How does divorce mediation work?

In the divorce mediation process, rather than each party hiring separate attorneys, there is one “advocate” for the couple whose job it is to be an impartial guide through the process.  The goal is to arrive at a fair and equitable solution to all of the issues involved in the divorce.  The process strives to be fair and amicable, rather than litigious and adversarial.

Historically, most Divorce Mediators have been attorneys, whose training and experience enables them to discuss the legal and financial aspects of support and custody issues.   There are many talented family law attorneys who can be very helpful in dissolving a marriage, and I have referred many of my clients over the years to attorneys for both litigated divorces as well as mediation.

However, over the last twenty years or so there has been an increasing number of Divorce Mediators who come to the field from a psychological background rather than the law.  The advantages that a psychologist brings to the table derive from our training and experience in mediating relationships in both marriage counseling as well as in separation counseling.

The nuances of any relationship—be it one year or 40 years—are ones that psychologists are trained to understand and work with. Indeed, the focus of the training and experience that a psychologist has is, by definition, focused on the emotional components of relationships, as well as the often complex dynamics among married couples and their children.

Integrated Divorce Mediation Process (IDM)

In my approach to divorce mediation I recognize that there is often a need to have a combination of psychological, legal and financial input.  Therefore, I have developed the approach of Integrated Divorce Mediation (or IDM). In IDM I do most of the mediation, but I encourage each member of the couple to consult their own attorney– and sometimes their accountant– to review the projected settlement. Thus, each person will know that from a financial and legal point of view they are signing off on a document that is fair and equitable to both parties.  I have a number of highly qualified and experienced family law attorneys, forensic accountants, CPA’s and Certified Family Divorce Accountants to whom I refer.

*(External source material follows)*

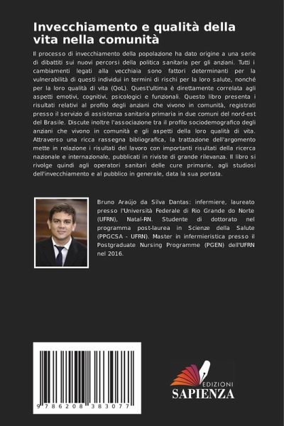 Il processo di invecchiamento della popolazione ha dato origine a una serie di dibattiti sui nuovi percorsi della politica sanitaria per gli anziani. Tutti i cambiamenti legati alla vecchiaia sono fattori determinanti per la vulnerabilità di questi individui in termini di rischi per la loro salute, nonché per la loro qualità di vita (QoL). Quest'ultima è direttamente correlata agli aspetti emotivi, cognitivi, psicologici e funzionali. Questo libro presenta i risultati relativi al profilo degli anziani che vivono in comunità, registrati presso il servizio di assistenza sanitaria primaria in due comuni del nord-est del Brasile. Discute inoltre l'associazione tra il profilo sociodemografico degli anziani che vivono in comunità e gli aspetti della loro qualità di vita. Attraverso una ricca rassegna bibliografica, la trattazione dell'argomento mette in relazione i risultati del lavoro con importanti risultati della ricerca nazionale e internazionale, pubblicati in riviste di grande rilevanza. Il libro si rivolge quindi agli operatori sanitari delle cure primarie, agli studiosi dell'invecchiamento e al pubblico in generale, data la sua portata.

1.  Psychologically, the goal of Integrated Divorce Mediation is to develop a cooperative process in which both parties feel they have had their point of view heard and respected.  The focus is on cooperation between the couple to resolve all of their issues, whereas in a litigated divorce there is an adversarial procedure in which it is structured as “me against you”.   In IDM there is an expectation of mutual respect that the mediator tries to foster throughout the process, so that at the end of the day the parties can proceed with their lives with a minimum of hurts and resentments. In other words, during this process I attempt to change some of the ways in which couples communicate as they move on with their lives.

You might wonder how this can happen,when the reason the couple is divorcing is exactly because they had been unable to communicate properly for so long.  Good question.  My answer has everything to do with the structure of mediation versus litigation:

When the parties have their own attorneys, it is structurally set up to be an adversarial process, which perpetuates the character of the relationship that has resulted in divorce in the first place.  Each person has their own counsel, and all important communication and decision making passes through the attorneys, rather than in face to face interactions between the couple.  As a psychologist trained in interpersonal relationships, I try to help each person express their frustrations, their angers, and their trust issues in a way that the other person can hear and be heard, without the old responses of defensiveness that inevitably derail any chance for constructive communication.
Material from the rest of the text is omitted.